## Input data

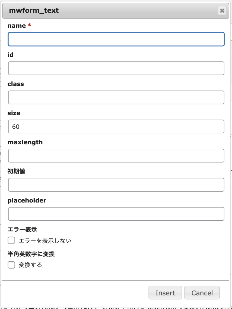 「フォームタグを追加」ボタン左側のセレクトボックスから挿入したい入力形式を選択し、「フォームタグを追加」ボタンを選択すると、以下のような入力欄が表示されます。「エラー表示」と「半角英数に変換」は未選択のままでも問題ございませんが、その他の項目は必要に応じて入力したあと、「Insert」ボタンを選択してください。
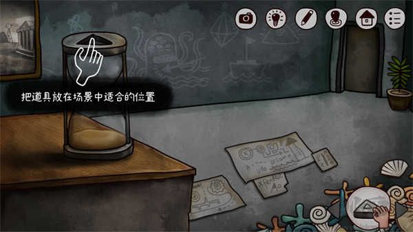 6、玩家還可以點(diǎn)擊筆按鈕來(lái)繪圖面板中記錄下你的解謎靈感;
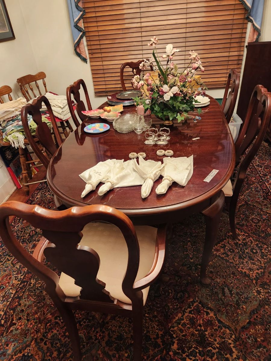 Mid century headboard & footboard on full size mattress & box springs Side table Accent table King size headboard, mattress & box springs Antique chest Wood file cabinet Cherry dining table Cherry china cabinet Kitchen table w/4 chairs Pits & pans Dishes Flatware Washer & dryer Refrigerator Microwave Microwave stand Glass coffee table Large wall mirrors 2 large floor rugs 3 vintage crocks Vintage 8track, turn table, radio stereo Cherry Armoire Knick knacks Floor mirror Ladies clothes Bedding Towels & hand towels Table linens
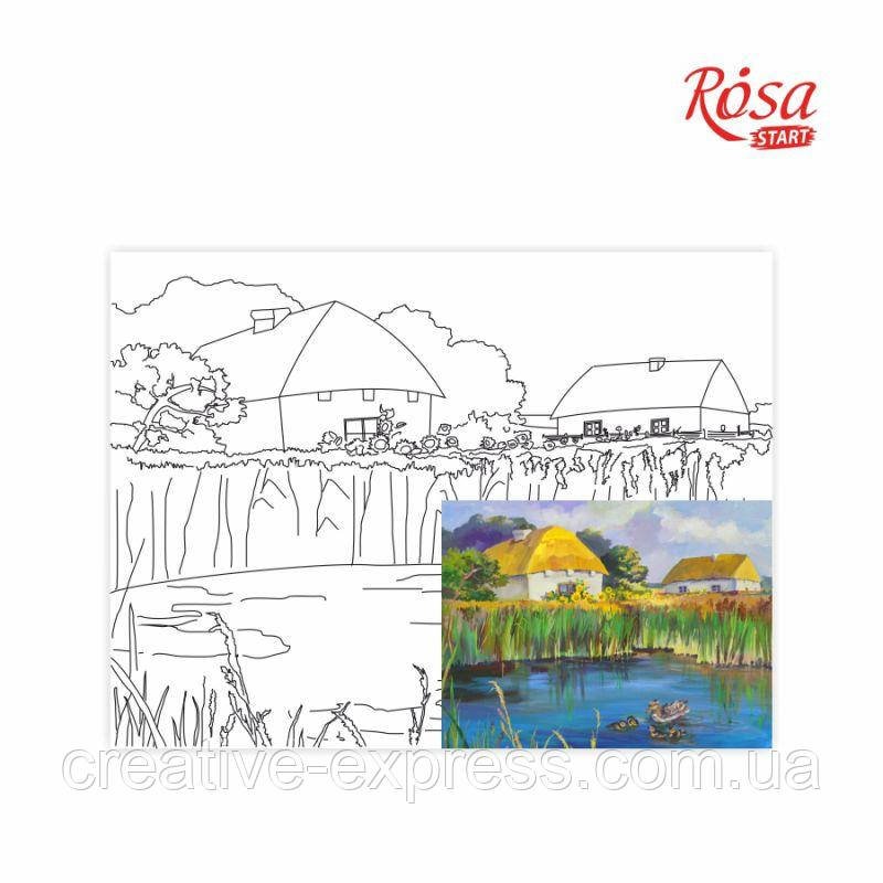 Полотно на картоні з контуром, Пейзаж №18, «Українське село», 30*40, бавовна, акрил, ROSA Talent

## Exercise aim
Write out each line again, exactly as it appears above, except for any picture.

## Exercise result
 「フォームタグを追加」ボタン左側のセレクトボックスから挿入したい入力形式を選択し、「フォームタグを追加」ボタンを選択すると、以下のような入力欄が表示されます。「エラー表示」と「半角英数に変換」は未選択のままでも問題ございませんが、その他の項目は必要に応じて入力したあと、「Insert」ボタンを選択してください。
 6、玩家還可以點(diǎn)擊筆按鈕來(lái)繪圖面板中記錄下你的解謎靈感;
 Mid century headboard & footboard on full size mattress & box springs Side table Accent table King size headboard, mattress & box springs Antique chest Wood file cabinet Cherry dining table Cherry china cabinet Kitchen table w/4 chairs Pits & pans Dishes Flatware Washer & dryer Refrigerator Microwave Microwave stand Glass coffee table Large wall mirrors 2 large floor rugs 3 vintage crocks Vintage 8track, turn table, radio stereo Cherry Armoire Knick knacks Floor mirror Ladies clothes Bedding Towels & hand towels Table linens
 Полотно на картоні з контуром, Пейзаж №18, «Українське село», 30*40, бавовна, акрил, ROSA Talent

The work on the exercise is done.